Если рассматривать трилогию целиком, можно заметить, что в ней последовательно не подвергается критике ни братоубийственный нрав Сицилии, ни продажность политической и рыночной систем США, ни, собственно, роль мафии (слово, которое не произносится в фильме по просьбе собственно мафии) в американской жизни. Однозначно не осуждаются даже хищнический захват власти посредством убийства бывших партнеров и кровавые методы по воплощению в жизнь субъективных представлений о порядке сильных мира сего. У всего, что ни происходит, — так уж вышло — свои причины. Возможность альтернативного расклада не предусмотрена. Можно обвинять в реках крови, пролитой в прошлом веке, патриархальный и капиталистический институты — но «Крестный отец» совсем не призывает к подобным выводам. Да и что бы изменили подобные обвинения? В конце концов, во второй части саги с той же прозаической хладнокровностью, что механизмы обнаженного криминалом капитализма, показаны и механизмы социалистической революции на Кубе.
Что говорить, даже грехопадению Майкла Корлеоне в первой части саги можно без упорства найти оправдания во второй. А если не «оправдания», то ряд причин такого «грехопадения», обоснования того, почему, собственно, герой с его складом сознания и представлениями о чести ну никак не мог поступить иначе. Тот же подход у Копполы — безусловно, в меньшей степени — отразился и в «Апокалипсисе сегодня», тоже по-своему некритичном, но, в отличие от «Отцов», следующем тропами сюрреалистического шокирования. Что вполне обоснованно: кровавый бизнес в рамках капиталистической логики и патриархальные нравы италоамериканцев все же куда естественнее едва объяснимых колониальных войн (тем более если они бесплотны).
Важно понять: это кино, сделанное взрослыми авторами без максималистских установок изменить мир или совершить революцию в индустрии (если Коппола и Пьюзо ее и совершили, то неосознанно). Кино неспешное, порой медленное, создатели — как заповедовал Корлеоне — стараются не давать волю своим эмоциям, иначе их холодная рассудительность ушла бы на задний план. «Крестный отец» и производит впечатление opus magnum, потому что представляет саму жизнь — на примере цикла одной конкретной семьи в меняющихся эпохах, как у Толстого или у Диккенса, — в совокупности всех ее форм, противоречий, во всей фатальности. Поэтому трилогия диалектична, как античная пьеса.
«Крестный отец» говорит о жизни, отказавшись взвешивать pro et contra, не отделяя грешное от благого: вместо этого кинороман беспристрастно демонстрирует механизмы политических и социальных явлений и неоднозначность понятий, чья истинность укоренена в общественном бессознательном.
Как порой подавляет забота и, наоборот, бывает, развращает демократизм. И тем не менее в картине нет виновных. Впрочем, как и безвинных.
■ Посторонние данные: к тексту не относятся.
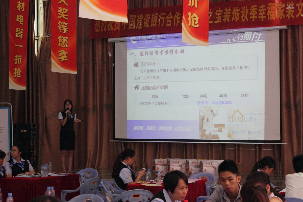10月1日,中國建設銀行攜手家之寶在柳州家居1號館家之寶大樓大會議廳隆重舉辦“裝修貸款分期業務推介會”,雙方精誠合作,為業主帶來超強裝修優惠力度,幫助業主更輕松地實現美好家居夢想。
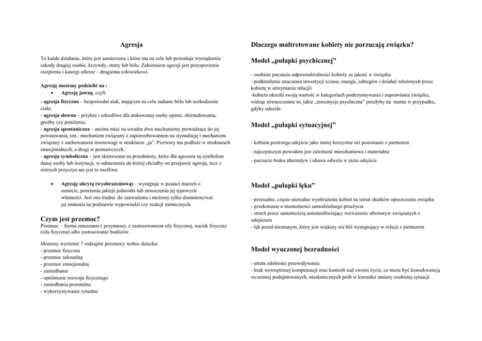 Agresja To każde działanie, które jest zamierzone i które ma na celu lub powoduje wyrządzenie szkody drugiej osobie, krzywdy, straty lub bólu. Założeniem agresji jest przysporzenie cierpienia i katorgi ofierze – drugiemu człowiekowi. Agresję możemy podzielić na : • Agresję jawną, czyli: - agresja fizyczna – bezpośredni atak, mającym na celu zadanie bólu lub uszkodzenie ciała; - agresja słowna – przykre i szkodliwe dla atakowanej osoby opinie, sformułowania, groźby czy poniżenia; - agresja spontaniczna – można mieć na uwadze dwa mechanizmy prowadzące do jej powstawania, tzn.: mechanizm związany z zapotrzebowaniem na stymulację i mechanizm związany z zachowaniem równowagi w strukturze „ja”. Pierwszy ma podłoże w strukturach emocjonalnych, a drugi w poznawczych. - agresja symboliczna – jest skierowana na przedmioty, które dla agresora są symbolem danej osoby lub instytucji, w odniesieniu do której chciałby on przejawić agresję, lecz z różnych przyczyn nie jest to możliwe. • Agresję ukrytą (wyobrażeniową) – występuje w postaci marzeń o zemście, poniżeniu jakiejś jednostki lub zniszczeniu jej typowych własności. Jest ona trudna do zauważenia i możemy tylko domniemywać jej istnienia na podstawie wypowiedzi czy reakcji mimicznych. Czym jest przemoc? Przemoc - forma zmuszania ( przymusu), z zastosowaniem siły fizycznej, nacisk fizyczny (siła fizyczna) albo zastosowanie bodźców. Możemy wyróżnić 7 rodzajów przemocy wobec dziecka: - przemoc fizyczna - przemoc seksualną - przemoc emocjonalną - zaniedbanie - opóźnienie rozwoju fizycznego - zaniedbania prenatalne - wykorzystywanie rytualne Dlaczego maltretowane kobiety nie porzucają związku? Model „pułapki psychicznej” - osobiste poczucie odpowiedzialności kobiety za jakość w związku - podkreślenie znaczenia inwestycji (czasu, energii, zabiegów i działań włożonych przez kobietę w utrzymaniu relacji) -kobieta określa swoją wartość w kategoriach podtrzymywania i naprawiania związku, widząc równocześnie to, jakie „inwestycje psychiczne” poszłyby na marne w przypadku, gdyby odeszła Model „pułapki sytuacyjnej” - kobieta postrzega odejście jako mniej korzystne niż pozostanie z partnerem - najczęstszym powodem jest zależność mieszkaniowa i materialna - poczucie braku alternatyw i obawa odwetu w razie odejścia Model „pułapki lęku” - przesadne, często nierealne wyobrażenie kobiet na temat skutków opuszczenia związku - przekonanie o niemożności samodzielnego przeżycia - strach przez samotnością uniemożliwiający rozważenie alternatyw związanych z odejściem - lęk przed nieznanym, który jest większy niż ból występujący w relacji z partnerem Model wyuczonej bezradności - utrata zdolności przewidywania - brak wewnętrznej kompetencji oraz kontroli nad swoim życie, co może być konsekwencją wcześniej podejmowanych, nieskutecznych prób w kierunku zmiany osobistej sytuacji Gdzie szukać pomocy ? Z pomocą tych instytucji możesz złożyć zawiadomienie o przestępstwie, jakim jest przemoc w rodzinie: • • Sąd rodzinny Policja • Prokuratura Najpopularniejsze: • • • • • • • • Ośrodki Pomocy Społecznej Placówki uniezależnień leczenia od alkoholu Poradnie psychologiczno – pedagogiczne Centra Pomocy w Rodzinie Ośrodki Interwencji Kryzysowej Ogólnopolskie Pogotowie dla Ofiar Przemocy w Rodzinie „Niebieska Linia” Gminne ośrodki pomocy społecznej: Komenda Powiatowa w Policach: ul. Kasprowicza 3 70-010 Plice Tel. 91 42 47 511 Ośrodek Pomocy Społecznej w Policach: ul. Siedlecka 2a 91 42 43 810 Dom dla Samotnych Matek z dziećmi: Monar-Markot ul. Kosynierów Gdańskich 25 91 31 76 591 Powiatowe Centrum Pomocy Rodzinie w Policach ul. Tanowska 8 91 42 40 700 91 42 40 699 Ośrodek Wsparcia – Dom dla Matek z Małoletnimi Dziećmi i Kobiet w Ciąży: ul Karwowo 12 72-005 Przecław 91 31 17 770 Polska karta przeciwdziałania przemocy: 1.Każdy człowiek ma prawo do życia w środowisku rodzinnym wolnym od przemocy, która jest naruszeniem praw i dóbr osobistych. 2.Człowiek doświadczający przemocy nie może być za nią obwiniany. 3.Dzieci i młodzież mają prawo do wzrastania w bezpiecznym środowisku wolnym od przemocy, a obowiązkiem dorosłych jest im to zapewnić. 4.Każdy człowiek doświadczający przemocy ma prawo do pomocy prawnej, socjalnej, psychologicznej i medycznej bez naruszania godności osobistej. 5.Każdy człowiek ma prawo do wiedzy potrzebnej do radzenia sobie z przemocą w rodzinie. 6.Każdy człowiek ma prawo do przeciwdziałania przemocy w rodzinie. 7.Każdy człowiek ma obowiązek udzielania pomocy ofiarom przemocy w rodzinie.

Фразу, идеально портретирующую миросозерцание Майкла Корлеоне, герой произносит уже под финал трилогии своей дочери: «Я готов в аду гореть, лишь бы ты не пострадала». Характерно, что в финале дочка все равно пострадает — и очень сильно, а самого Корлеоне, претендовавшего — как и многие патриархи — на вечное бытование на земле, никто не сможет спасти от совершенно не уникальной, заурядной смерти от диабета.